Unemployment rates were generally little changed or slightly lower at the regional and state levels last month, according to a new U.S. Bureau of Labor Statistics report. Thirty-nine states recorded unemployment rate decreases, three states and the District of Columbia registered rate increases, and eight states had no rate change.
Forty-six states and the District of Columbia posted unemployment rate decreases from a year earlier, three states reported increases, and one state had no change, noted the federal government report. The national jobless rate nudged up by 0.2 percentage point between March and April to 9.0 percent, but was 0.8 point lower than a year earlier.
In the month of April, nonfarm payroll employment increased in 42 states and the District of Columbia and decreased in eight states. The biggest over-the-month increase in employment happened in New York (+45,700), followed by Texas (+32,900), Pennsylvania (+23,700), Massachusetts (+19,500), and Florida (+14,900).

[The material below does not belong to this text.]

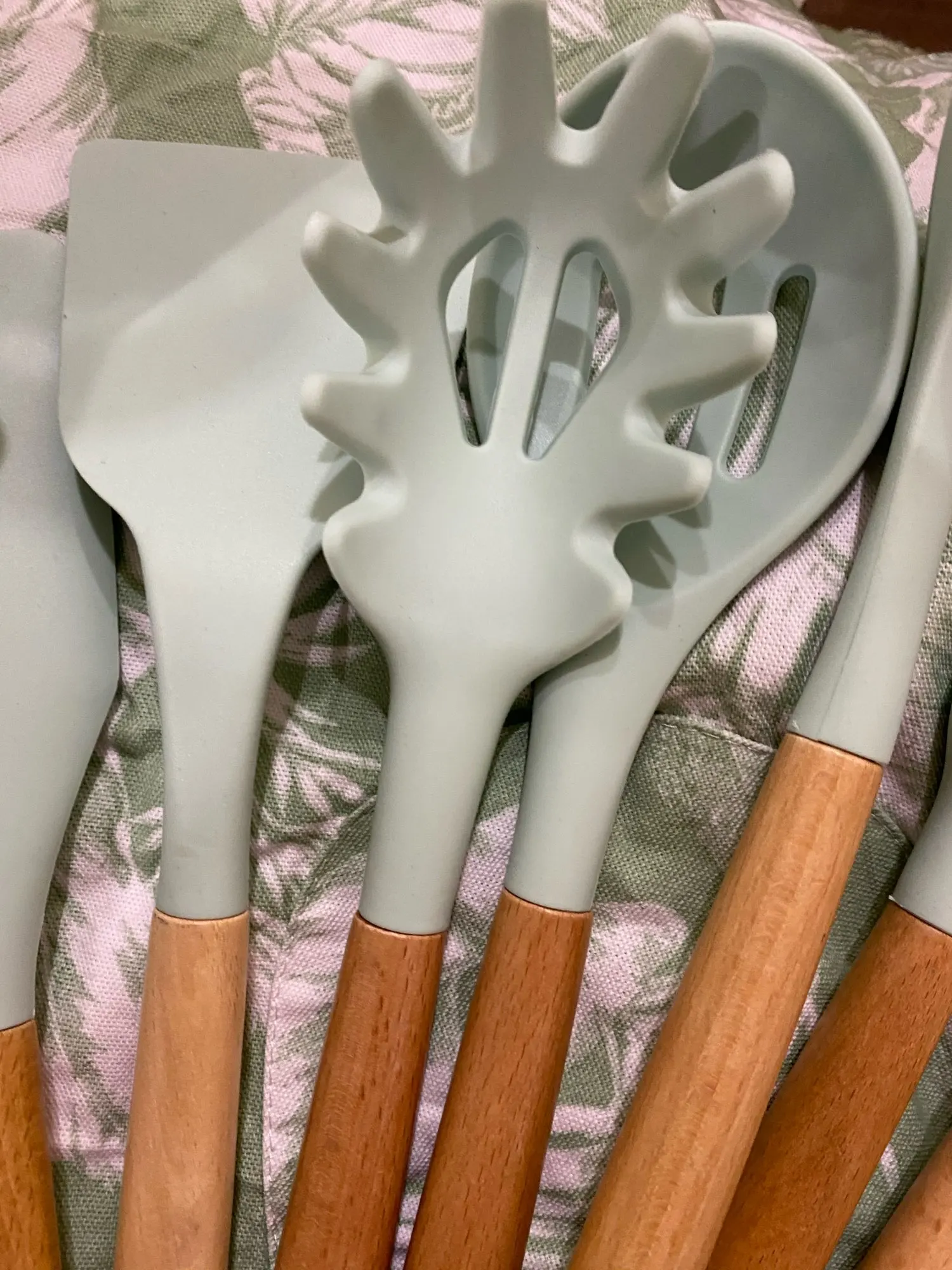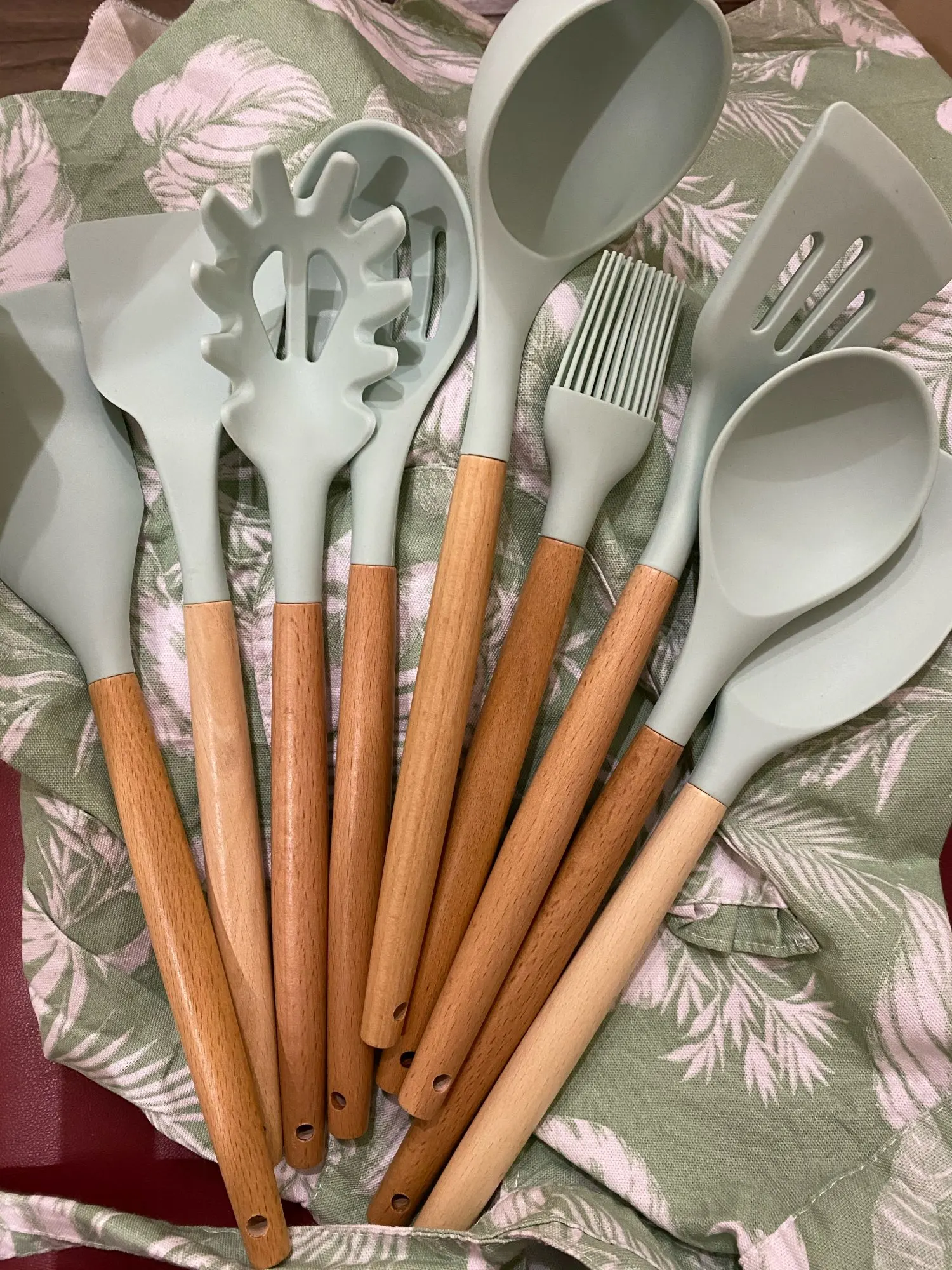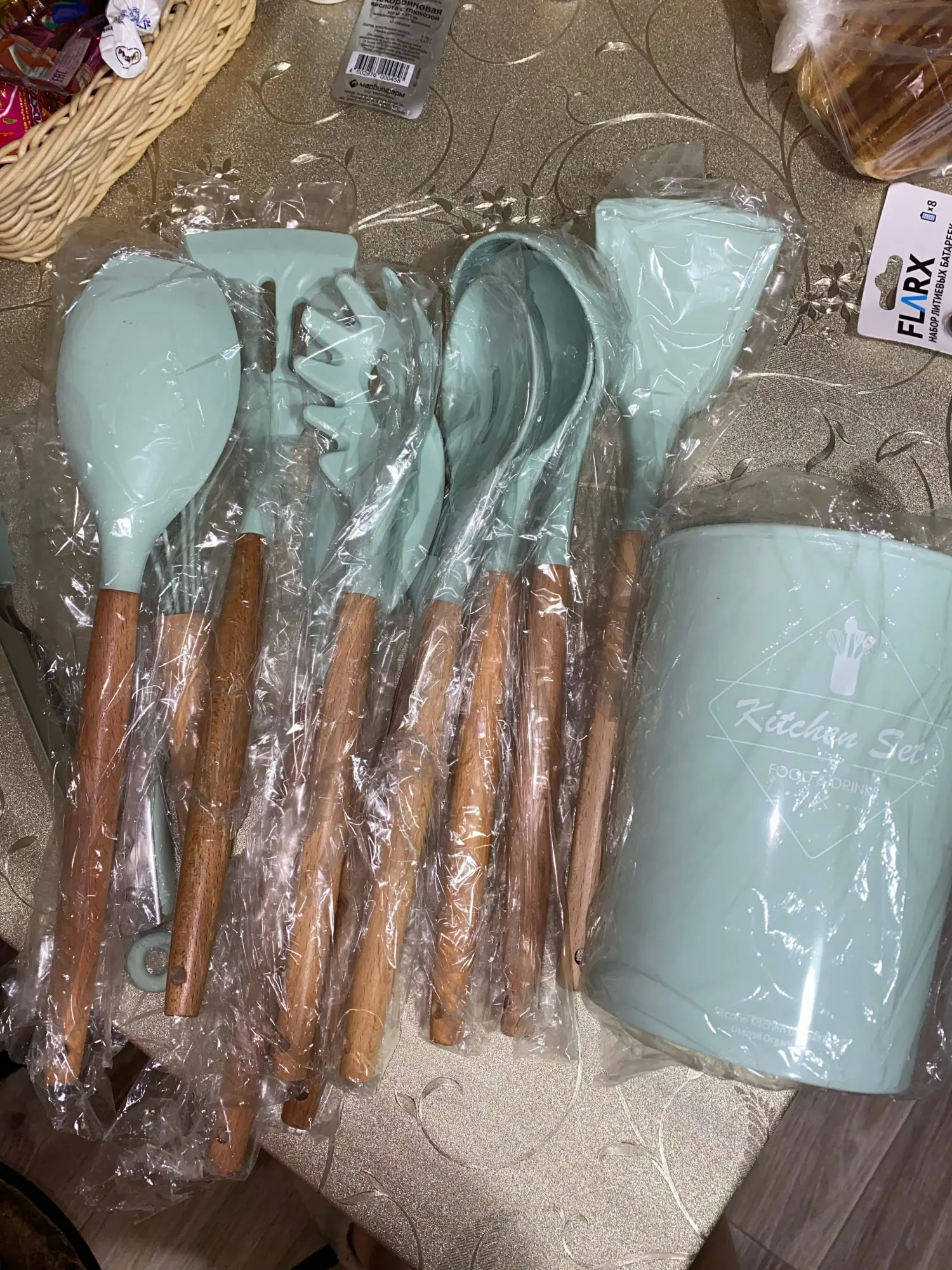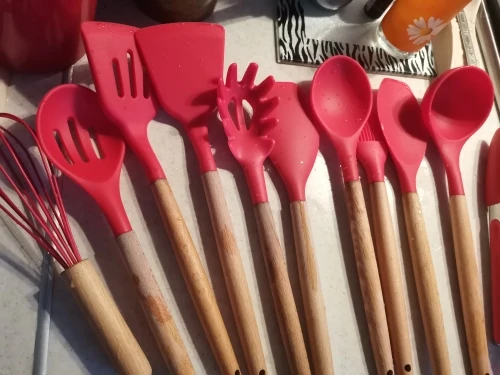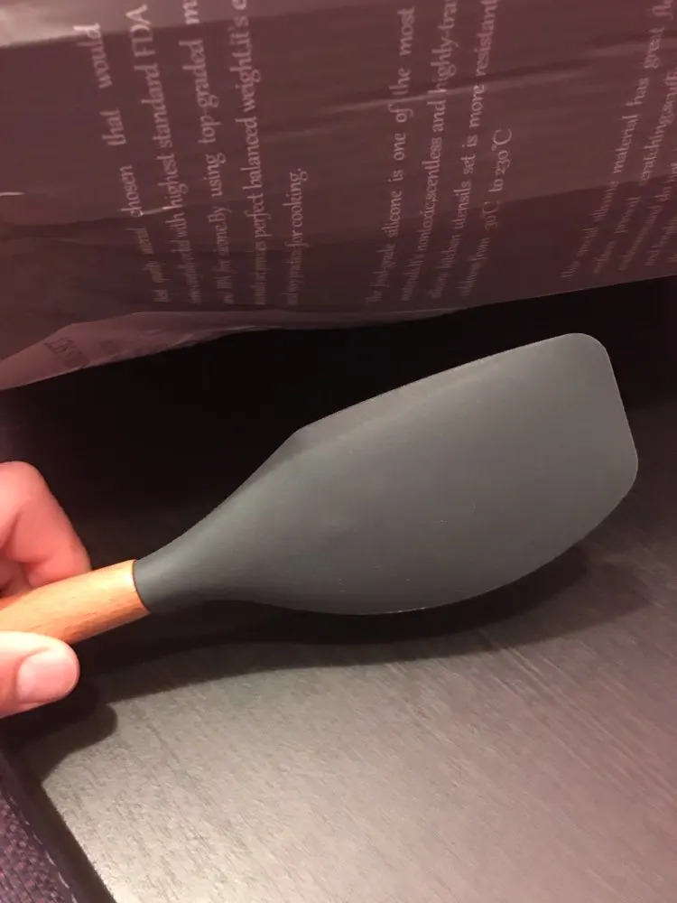 Силиконовая часть довольно сильно пахла, но, как и у всех, через сутки выветрилось. Присутствует небольшой облой. Деревянные ручки грубовато обработаны, есть шероховатости и облезлые торцы. На мой взгляд маловаты приборы для жидкостей и нет шумовки под пельмени. После покупки обнаружил, что в продаже есть полностью разноцветный набор . Данные наборы продаются под разными названиями везде, в том числе и WB.

Over the year, nonfarm employment increased in 46 states and the District of Columbia and decreased in 4 states. The largest over-the-year percentage increase occurred in North Dakota (+3.9 percent),
followed by Alaska and Texas (+2.5 percent each) and Nebraska (+1.9 percent).
Meanwhile, this past April, American employers took 1,564 mass-layoff actions involving 143,927 workers according to a new report released by the U.S. Bureau of Labor Statistics.
Each mass-layoff action involved at least 50 workers from a single employer. The number of mass-layoff events in April increased by 278 from March, as the number of associated initial claims increased by 25,404.
Eleven of the 19 major industry sectors in the private economy reported year-over-year declines in initial claims, with the largest decreases occurring in manufacturing, information, and professional and technical services.
Specifically, the manufacturing sector reported 327 mass layoffs in April resulting in 35,022 initial claims; both figures were increases from March. The national unemployment rate was 9.0 percent in April, up from 8.8 percent in March but down from 9.8 percent a year earlier.
Not seasonally adjusted, the number of mass layoffs in April was 1,750, resulting in 189,919 initial claims. The number of mass layoffs was down by 90 from April 2010, and associated initial claims decreased by 9,771.